The subject of Land Reforms is so emotive that it catapults opinions into the realm of extreme sentimentality and reduces the intricate issue into a naïve over-simplification of whether large land holdings should be appropriated by the state or not. Having had three Land Reforms of 1959, 1972 and 1977 by which hereditary agricultural estates were whittled down progressively from individual holdings of five digit numbers in acres to three digit numbers, may be four in rare cases. Yet the protagonists feel that those Reforms did not achieve the desired purpose and fresh attempt is called for today.

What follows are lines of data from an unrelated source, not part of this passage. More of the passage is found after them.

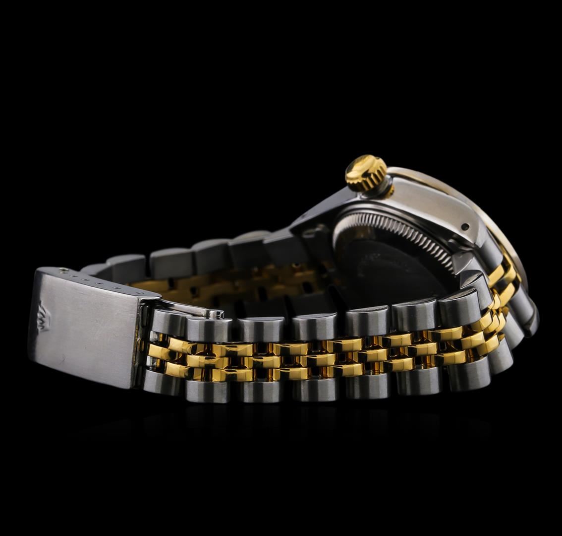 One ladies, hand crafted & machine milled Rolex DateJust Model wristwatch electronically tested, Stainless Steel Case: 26mm oyster, 18KT Yellow gold Crown: twinlock with Rolex logo, non-factory Custom Bezel: diamond set, Crystal: synthetic sapphire cyclops lens. Movement: superlative chronometer, Rolex signed Dial: Black color, with baton hands & diamond markers, Calendar: 3 o'clock position date display, Ivory color, quick set, Circa: 1990, Condition: G-5 Fine, Rolex Bracelet: stainless steel and 18KT yellow gold jubilee links. Six inch length, adjustable. Rolex Hallmarked clasp, with logo. Containing: Forty prong set round brilliant diamonds, measuring an average of 1.60mm in diameter, approximate total weight of 40 stones equals 0.62ct. Set & graded in the custom bezel. Clarity: VS-1 to VS-2 Average. Color: G - I. Total Weight of Diamonds 0.62ct. Total Weight of Watch 50.99gm. AIG Appraised at $8,050.00.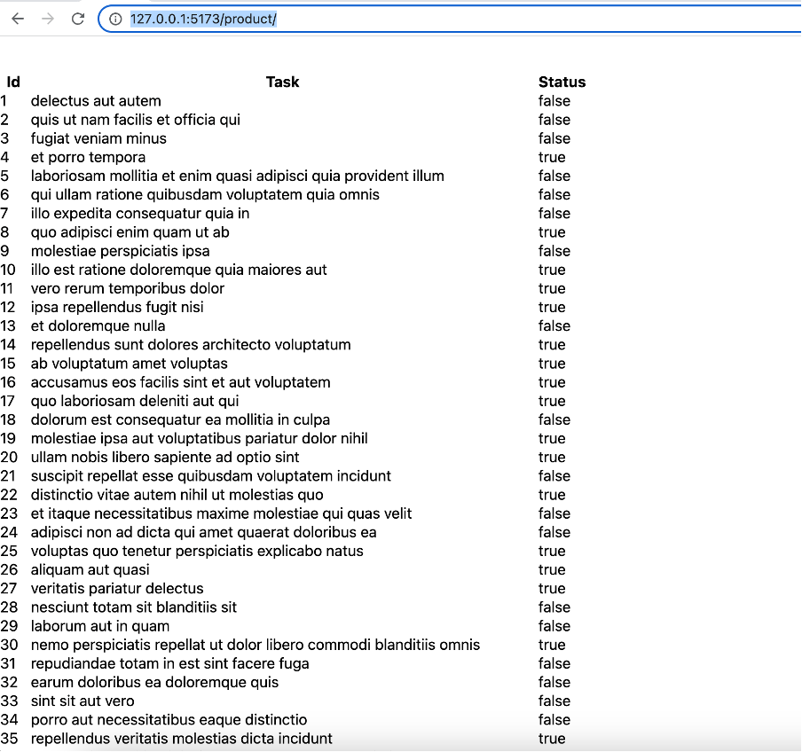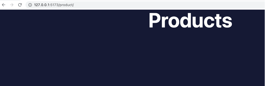 When you navigate to the – http://127.0.0.1:5173/product/ , you should get the product component laded as below,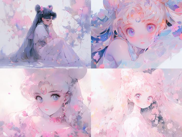 Midjourney Bot 更新时间:2023-08-29 00:27A Kimoto Sakura, Magic Girl Sakura, cut face, upper body, sitting, front, watercolor texture, oil painting texture, oil painting, Pastel: 2, Dream colors, Lavender tones ,Sailor Moon ,Sailor Moon --ar 4:3 --niji 5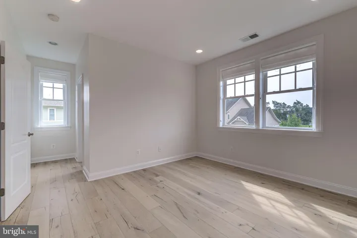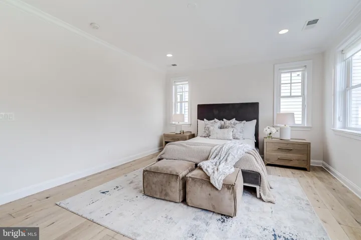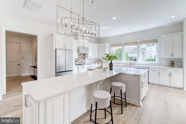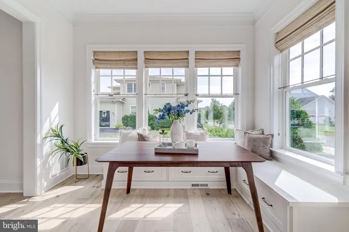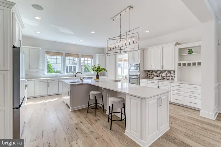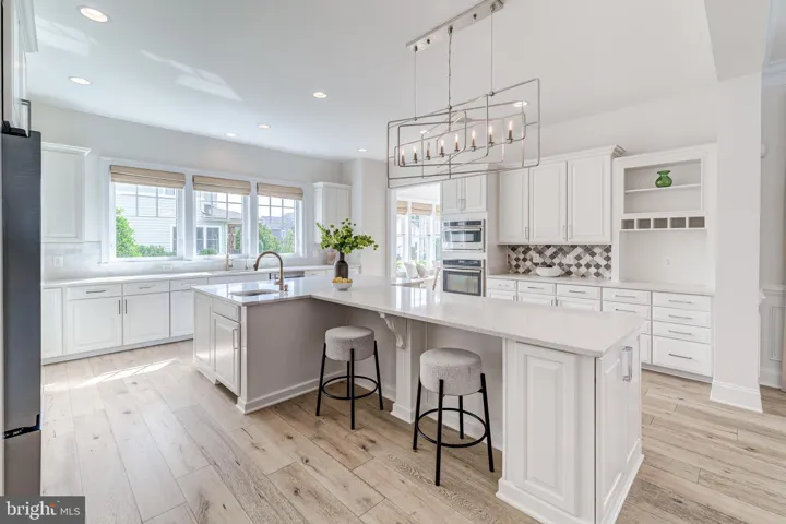 Inside, 10-foot ceilings and wide-plank oak floors span the main and upper levels, setting a tone of refined elegance. The chef’s kitchen boasts crisp white cabinetry, quartz countertops, and a large island that opens to a sunlit family room—ideal for both relaxed living and hosting. Off the kitchen, a breakfast room with a custom built-in bench provides a charming space for casual dining. A flexible main-level den or living room adds versatility, while the oversized three-car garage leads into a thoughtfully designed mudroom with abundant storage. A full bathroom on the main level enhances both convenience and functionality.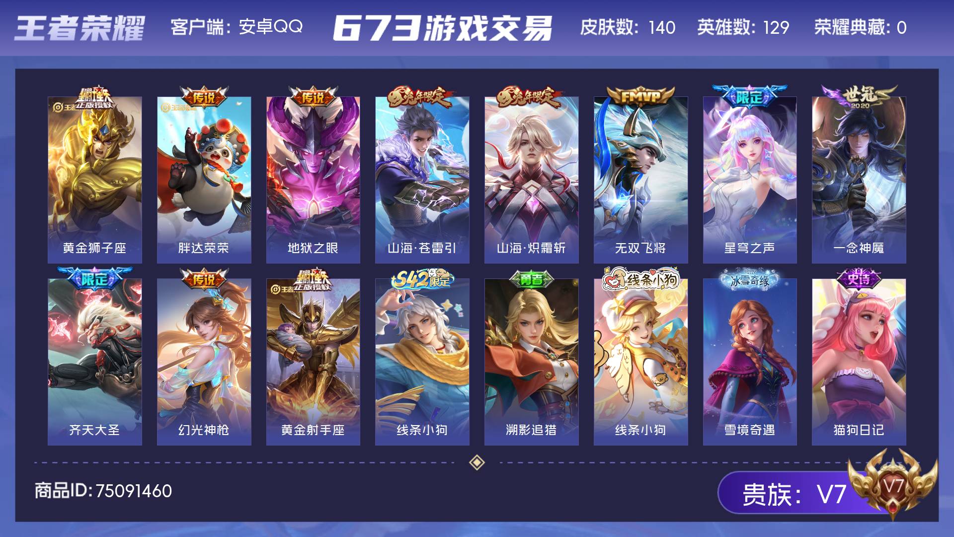 V7 皮肤140 英雄129 永恒钻石 传说11 其他皮肤136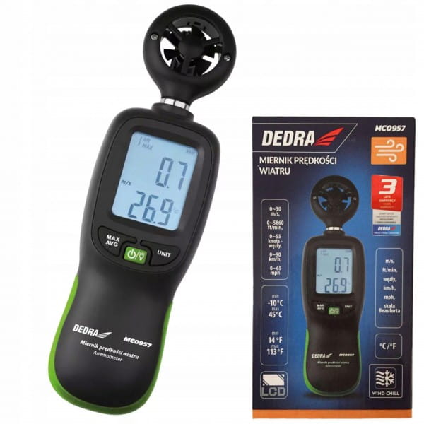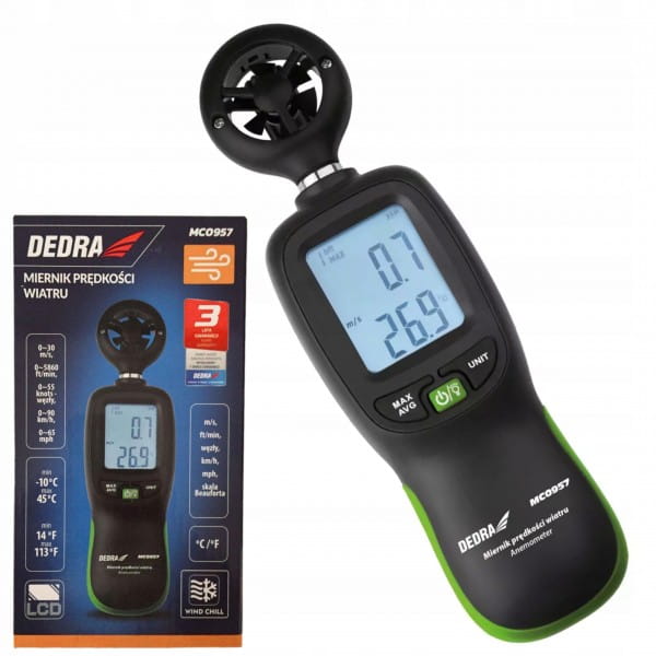 DEDRA MIERNIK PRĘDKOŚCI MONITOROWANIE WIATRU WIATROMIERZ ANEMOMETR MC0957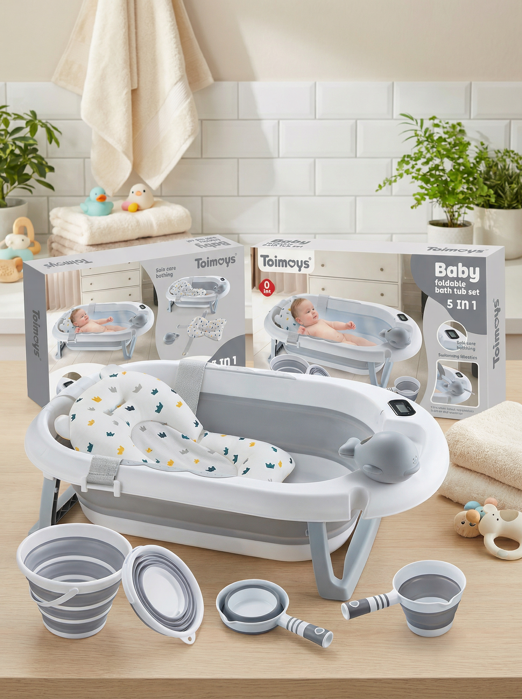 اگر به دنبال یک ست کامل حمام نوزادی، ایمن، تاشو و مجهز هستید که از بدو تولد قابل استفاده باشد و تمام لوازم ضروری را یکجا داشته باشد، ست وان حمام تویمویز (Toimoys) ۵ تکه یک انتخاب حرفهای و هوشمندانه است.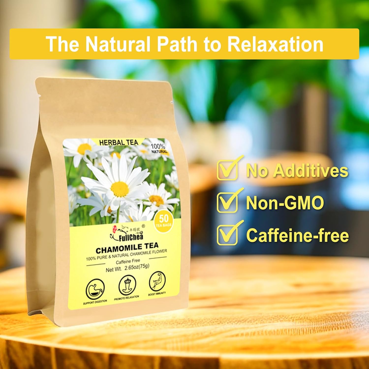 Enjoy Convenience: With 50 tea bags in a resealable pack, simply use one tea bag to enjoy a cup of healthy herbal tea. Our excellent packaging ensures freshness and readiness from the first to the last cup of chamomile tea.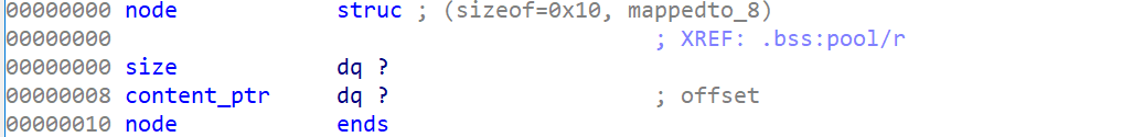 接下来又出现的是这两行,分别我们确定了 size 和 Content 指针存在的位置分别是 + 0 和 + 8,于是我们就可以根据已知的这个信息在 IDA 中建立一个结构体信息。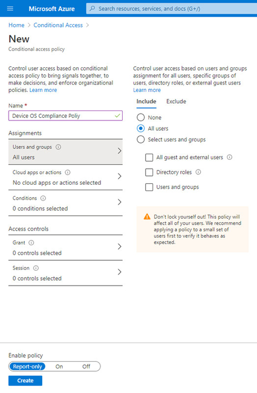 Users and groups, select Include All Users as we will applying the policy to all the users.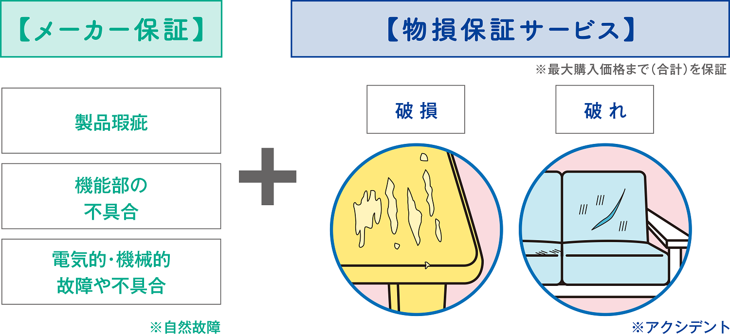 購入後3年間の予期せぬアクシデントによる家具の破損・汚損を保証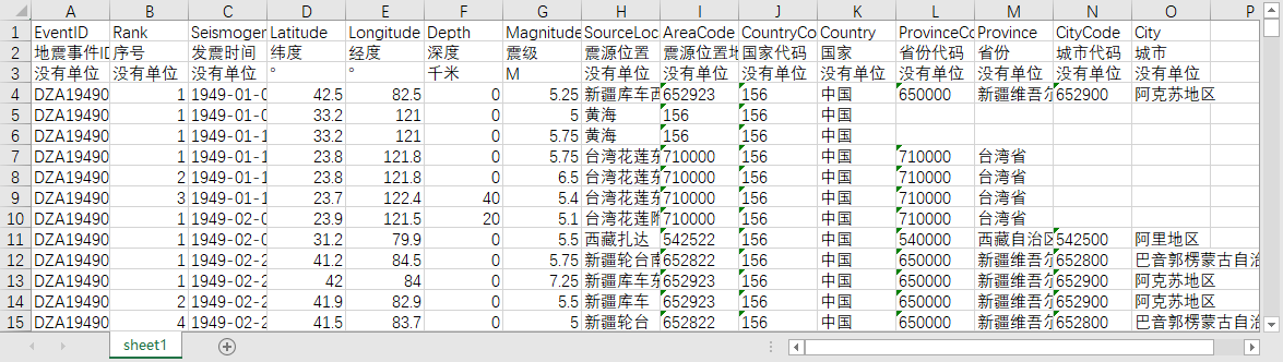 中国全国各地区地震事件表1949-20250416纬度经度深度震级震源位置所在国家省份城市

To unravel the multifaceted complexity of the issue let us begin by understanding the prime rationale (and sentiments) behind Land Reforms. There are two ostensible motives: One is that large land holdings provide sustenance to a class of powerful families with a mindset that is not conducive for advancement of democratic and progressive environment in country politics. This mindset is labelled as a feudal culture. It is believed that this mindset is a product of indolence of surplus land and resuming it from such families would eradicate a social evil from the society. The second assumption is that large land owners do not concentrate efforts on productivity; resuming their lands and distributing it amongst landless rural peasantry would enhance efficiencies because small farmers would put in more effort to increase yields. The redistribution of land would therefore increase aggregate agricultural production besides creating more equity in rural areas.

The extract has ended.